Effective and Stable Senomorphic Apigenin Delivery System Obtained by Supercritical Carbon Dioxide Processing.

Apigenin (AP) is a natural flavonoid with senomorphic potential and neuroprotective action; however, poor aqueous solubility (<1 μg/mL) limits its bioavailability and therapeutic use. Therefore, the aim of this study was to obtain an amorphous dispersion of AP and evaluate its biological properties. Screening of AP solubilization capabilities under supercritical carbon dioxide processing conditions showed that the system with Soluplus (SOL) achieved the greatest improvement in AP dissolution (6455.4 ± 27.2 μg/mL). Using optimized process parameters (50 °C, 6500 PSI), the AP solubility increased to 8050.2 ± 35.1 μg/mL. X-ray powder diffraction (XRPD) confirmed amorphization, aligning with improved dissolution of AP in both acidic and neutral pH media. As a result, using the PAMPA model, an improvement in AP penetration through membranes simulating gastrointestinal and blood-brain barriers was demonstrated. The significant stability of the obtained amorphous AP dispersion (12 months at room conditions) was associated with stabilizing AP-solubilizer intermolecular interactions, mainly expressed as the shifts in the bands of AP in the range of 1018-1269 cm observed in ATR-FT-IR spectra. Chromatographic analysis confirmed the lack of AP decomposition immediately after the preparation of the amorphous dispersion, as well as after 12 months.

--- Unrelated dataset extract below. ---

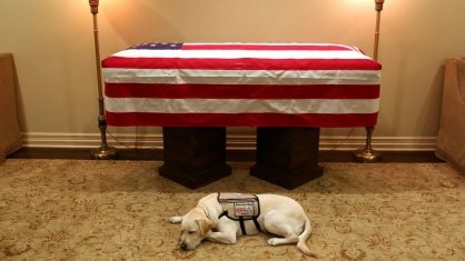 Cachorro que acompanhava George H.W. Bush é visto deitado ao lado do caixão

As expected, the improvement of AP solubility is correlated with better biological activity assessed in selected in vitro tests such as antioxidant properties (2,2-diphenyl-1-picrylhydrazyl (DPPH), 2,2'-azino-bis(3-ethylbenzothiazoline-6-sulfonic acid) (ABTS), and cupric ion reducing antioxidant capacity (CUPRAC) assays) and anticholinesterase inhibition capabilities (AChE and BChE assays). The effect of the studies on improving AP solubility under supercritical carbon dioxide processing conditions is obtaining a stable amorphous AP dispersion (up to 12 months). Regardless of the pH of the media, an improvement in AP dissolution and penetration, conditioned by the passive diffusion process, through biological membranes was noted. Moreover, a more efficient antioxidant and neuroprotective effect of AP in the developed amorphous dispersion can also be suggested.